Избранные произведения в трех томах. Том 1
Шрифт:
— Нормы твои мне ни к чему. — Дядя Митя отстранил листок. — У меня свое собственное соображение имеется. Молод ты меня учить. Твой отец еще из рогатки по воробьям пулял, а я уже в пасечном деле не первый годок работал. Я. милочек Костенька, пчелку знаю, и пчелка меня знает. У нас с ней разногласий нету, не водится. Книжечки–бумажечки для этаких сопливеньких пишутся, с нашего, стариковского опыта пишутся. Мы, старики, сами книга, — читать только ее надо с умом; прислушиваться к ней да разбираться…
Дядю Митю понесло, заговорил, не остановишь. Антон Иванович, не слушая его, взял у Кости листок с нормативами, подчеркнул несколько цифр карандашом, принялся множить.
— Верно! — Удивляясь, он обвел итог жирным овалом. — Точно!
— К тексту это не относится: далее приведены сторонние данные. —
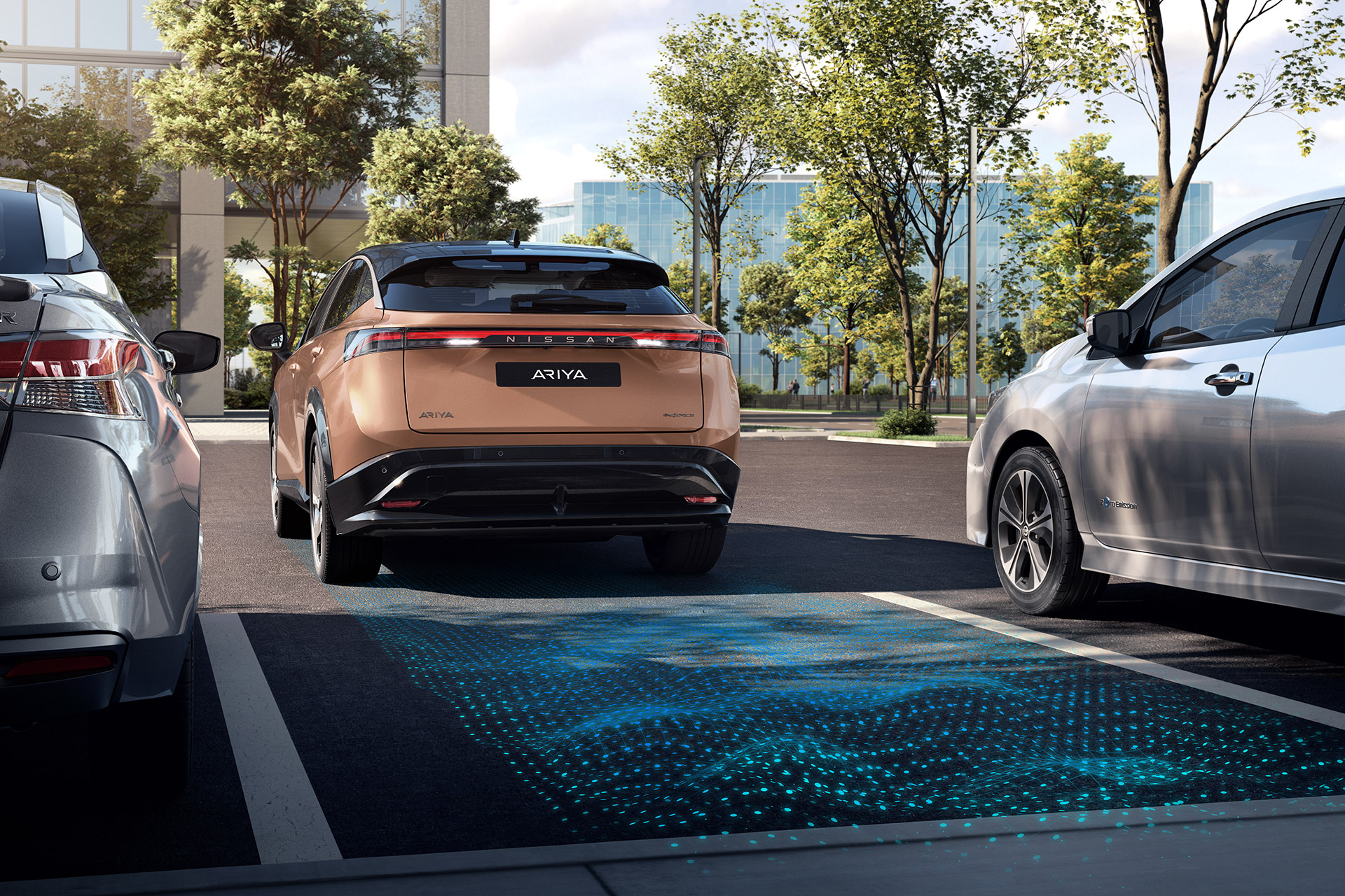 - Nissan ARIYA pakub ka tehnoloogiaid, mis aitavad näiteks külgboksi parkimisel. Vajutage ProPILOT Parki nuppu ning Nissan ARIYA teeb ülejäänu. [7] [8]

Двадцать шесть пудов зажимаешь, дядя Митя, без нужды.
— Ему веришь, врунишке?
Что Костя Кукушкин — врунишка, так думать Антон Иванович оснований не имел, напрасно дядя Митя наводил на паренька тень. Если в чем и пришлось убедиться председателю, то только в излишней Костиной подозрительности. Криво усвоив принцип соревнования, Костя долго хранил верность этому принципу, — от дяди Мити он ждал подвохов постоянно. После того как по требованию Лаврентьева пришлось снять колючую проволоку, которой Костя старательно отгородил свой участок пасеки, он не успокоился — натягивал в траве незаметные нитки. Помешать конкурирующей стороне проникнуть в запретную зону они, понятно, не помешают, но, во всяком случае, видно будет — ходил вокруг Костиных ульев дядя Митя или нет. Нитку он довольно часто находил оборванной, кричал на дядю Митю, вызывая этими криками со стороны старого пчеловода длиннейшие речи в защиту нравственности и морали. Не вытерпел и пошел жаловаться к председателю. Костя вообще признавал иметь дело только с председателем. К Лаврентьеву он никогда не обращался, считая, что агроном — это по растениеводству, по зерну, картошке, а пчелы не картошка.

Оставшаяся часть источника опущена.